Data for analysis:
========

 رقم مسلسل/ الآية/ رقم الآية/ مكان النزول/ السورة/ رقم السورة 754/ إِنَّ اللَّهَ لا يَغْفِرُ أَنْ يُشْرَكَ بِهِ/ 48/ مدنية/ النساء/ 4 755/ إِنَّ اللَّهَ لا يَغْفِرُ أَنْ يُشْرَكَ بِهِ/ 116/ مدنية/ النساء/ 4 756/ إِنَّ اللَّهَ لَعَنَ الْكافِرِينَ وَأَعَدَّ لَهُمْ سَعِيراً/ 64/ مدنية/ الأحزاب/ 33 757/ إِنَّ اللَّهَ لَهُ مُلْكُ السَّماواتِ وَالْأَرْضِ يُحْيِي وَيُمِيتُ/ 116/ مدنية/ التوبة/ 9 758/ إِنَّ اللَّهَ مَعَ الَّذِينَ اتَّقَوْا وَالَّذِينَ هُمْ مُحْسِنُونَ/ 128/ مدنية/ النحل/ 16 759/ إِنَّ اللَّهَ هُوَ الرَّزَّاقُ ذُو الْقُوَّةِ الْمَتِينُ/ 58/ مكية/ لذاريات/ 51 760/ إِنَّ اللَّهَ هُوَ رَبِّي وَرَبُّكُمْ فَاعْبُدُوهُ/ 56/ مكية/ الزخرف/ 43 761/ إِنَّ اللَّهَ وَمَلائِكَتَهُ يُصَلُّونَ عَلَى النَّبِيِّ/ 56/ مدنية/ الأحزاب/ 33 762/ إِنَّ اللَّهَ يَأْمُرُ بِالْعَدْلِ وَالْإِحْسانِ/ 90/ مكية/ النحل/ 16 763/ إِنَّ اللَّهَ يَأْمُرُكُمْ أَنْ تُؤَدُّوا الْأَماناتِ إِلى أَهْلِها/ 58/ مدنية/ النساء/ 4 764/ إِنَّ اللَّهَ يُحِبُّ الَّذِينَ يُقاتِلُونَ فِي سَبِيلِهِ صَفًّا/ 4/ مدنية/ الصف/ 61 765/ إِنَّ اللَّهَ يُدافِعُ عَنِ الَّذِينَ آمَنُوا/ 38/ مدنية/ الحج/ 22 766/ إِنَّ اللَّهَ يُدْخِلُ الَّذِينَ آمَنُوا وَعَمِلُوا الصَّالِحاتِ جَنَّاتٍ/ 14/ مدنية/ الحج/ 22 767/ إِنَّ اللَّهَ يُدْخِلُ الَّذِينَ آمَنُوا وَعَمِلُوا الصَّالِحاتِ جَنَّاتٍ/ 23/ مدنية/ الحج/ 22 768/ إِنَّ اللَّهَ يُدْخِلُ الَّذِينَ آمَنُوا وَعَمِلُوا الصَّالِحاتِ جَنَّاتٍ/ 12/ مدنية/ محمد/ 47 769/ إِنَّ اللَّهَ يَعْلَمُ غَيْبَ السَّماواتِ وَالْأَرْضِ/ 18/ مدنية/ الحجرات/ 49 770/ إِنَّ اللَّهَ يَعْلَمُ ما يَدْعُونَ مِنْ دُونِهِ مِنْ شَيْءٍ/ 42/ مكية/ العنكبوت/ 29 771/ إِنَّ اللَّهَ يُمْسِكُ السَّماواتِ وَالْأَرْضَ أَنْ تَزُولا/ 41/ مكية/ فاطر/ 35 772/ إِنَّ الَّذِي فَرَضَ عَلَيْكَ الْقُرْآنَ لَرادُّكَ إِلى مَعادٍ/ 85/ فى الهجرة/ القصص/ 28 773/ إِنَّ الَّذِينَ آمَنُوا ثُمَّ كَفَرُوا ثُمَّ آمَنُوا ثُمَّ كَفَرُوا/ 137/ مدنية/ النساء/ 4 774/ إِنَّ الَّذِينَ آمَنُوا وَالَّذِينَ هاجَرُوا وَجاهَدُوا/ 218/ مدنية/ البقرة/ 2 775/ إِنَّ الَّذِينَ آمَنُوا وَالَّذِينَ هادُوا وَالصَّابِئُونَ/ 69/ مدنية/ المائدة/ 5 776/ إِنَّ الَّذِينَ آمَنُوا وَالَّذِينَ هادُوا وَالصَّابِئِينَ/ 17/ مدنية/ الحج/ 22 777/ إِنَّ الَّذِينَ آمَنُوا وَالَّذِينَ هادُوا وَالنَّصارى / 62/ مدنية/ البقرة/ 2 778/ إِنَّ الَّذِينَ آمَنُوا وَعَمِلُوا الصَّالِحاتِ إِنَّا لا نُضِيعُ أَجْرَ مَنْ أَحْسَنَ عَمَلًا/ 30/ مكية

========

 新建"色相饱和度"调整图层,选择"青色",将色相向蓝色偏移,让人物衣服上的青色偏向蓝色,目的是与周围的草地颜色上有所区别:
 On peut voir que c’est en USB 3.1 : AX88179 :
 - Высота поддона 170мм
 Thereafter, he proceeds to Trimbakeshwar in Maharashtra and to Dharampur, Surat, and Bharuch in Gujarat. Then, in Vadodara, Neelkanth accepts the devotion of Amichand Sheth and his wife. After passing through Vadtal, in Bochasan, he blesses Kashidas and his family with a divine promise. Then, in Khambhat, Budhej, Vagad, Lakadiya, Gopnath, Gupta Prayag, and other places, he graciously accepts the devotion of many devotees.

========

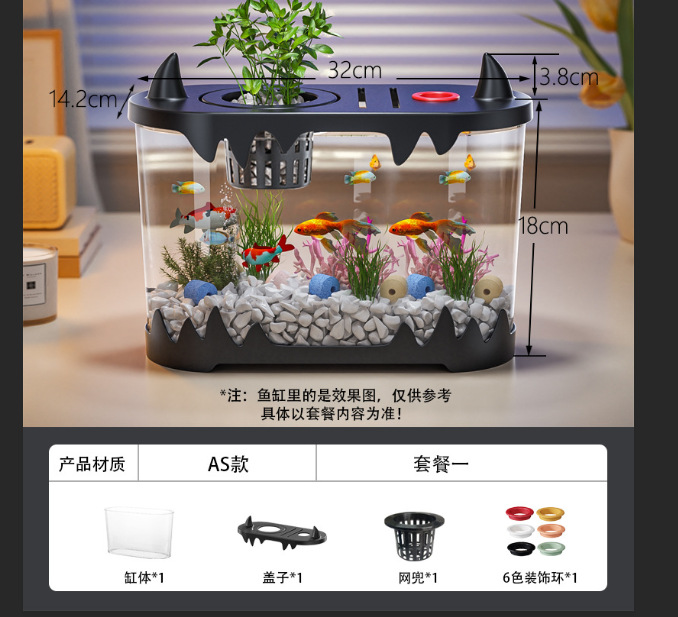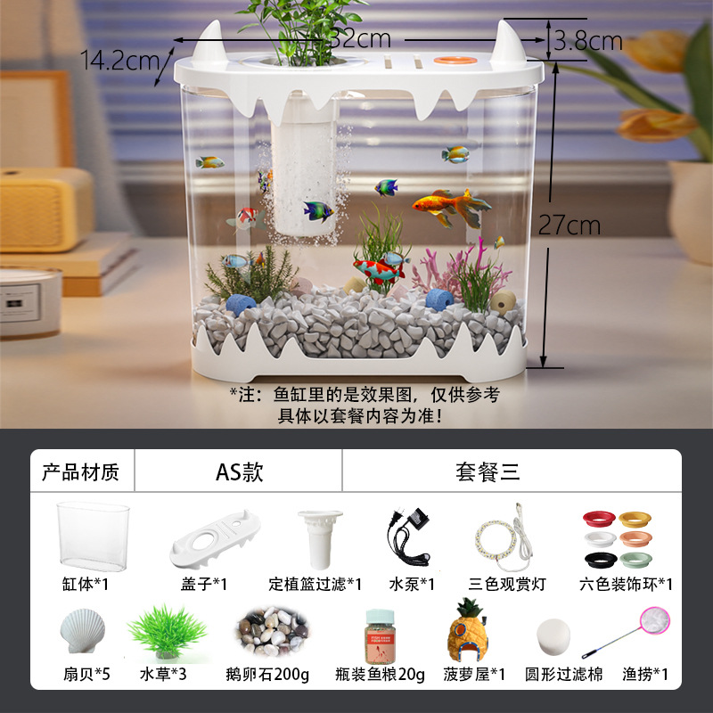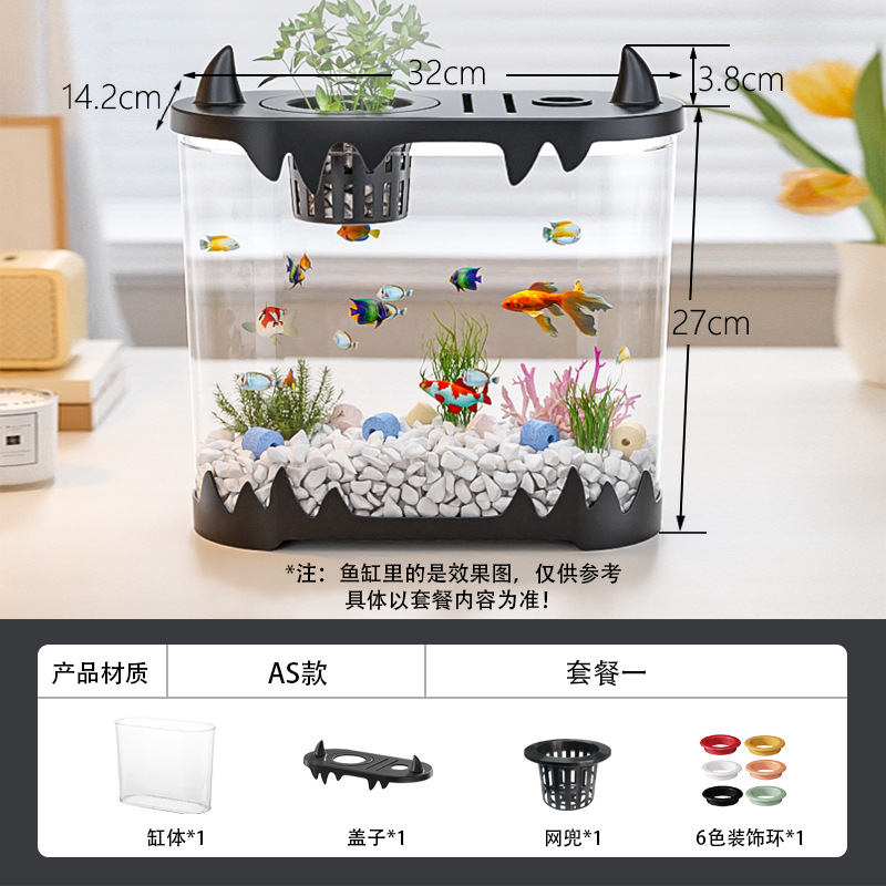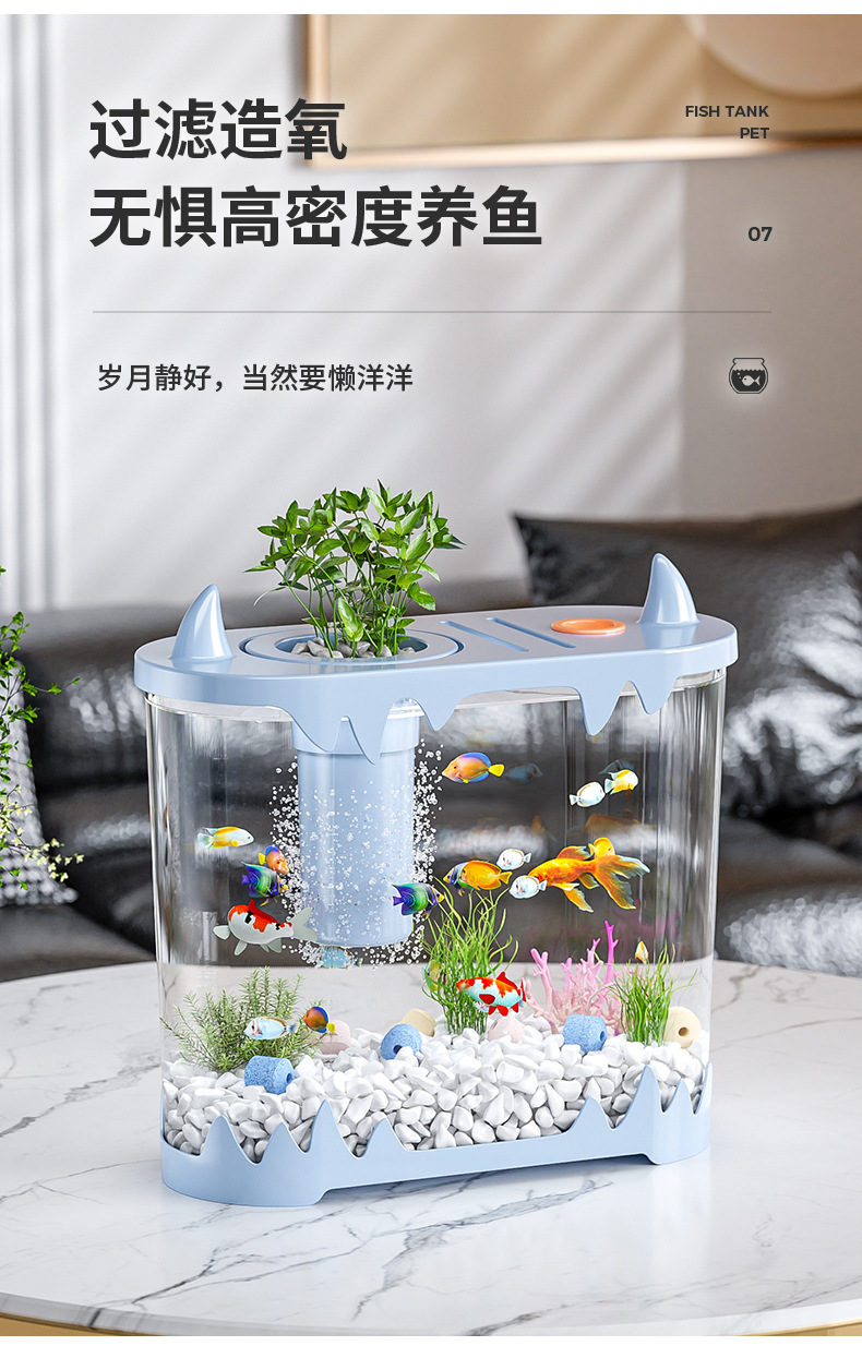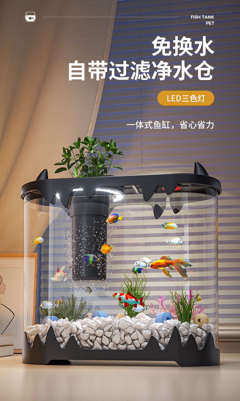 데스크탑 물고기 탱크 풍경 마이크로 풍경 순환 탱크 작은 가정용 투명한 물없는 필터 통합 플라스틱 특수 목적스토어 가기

========

Your task is to transcribe, with no changes, only the lines of the listing above that lie between the line holding "- Высота поддона 170мм" and the line holding "Thereafter, he proceeds", inclusive.

 - Высота поддона 170мм
 Thereafter, he proceeds to Trimbakeshwar in Maharashtra and to Dharampur, Surat, and Bharuch in Gujarat. Then, in Vadodara, Neelkanth accepts the devotion of Amichand Sheth and his wife. After passing through Vadtal, in Bochasan, he blesses Kashidas and his family with a divine promise. Then, in Khambhat, Budhej, Vagad, Lakadiya, Gopnath, Gupta Prayag, and other places, he graciously accepts the devotion of many devotees.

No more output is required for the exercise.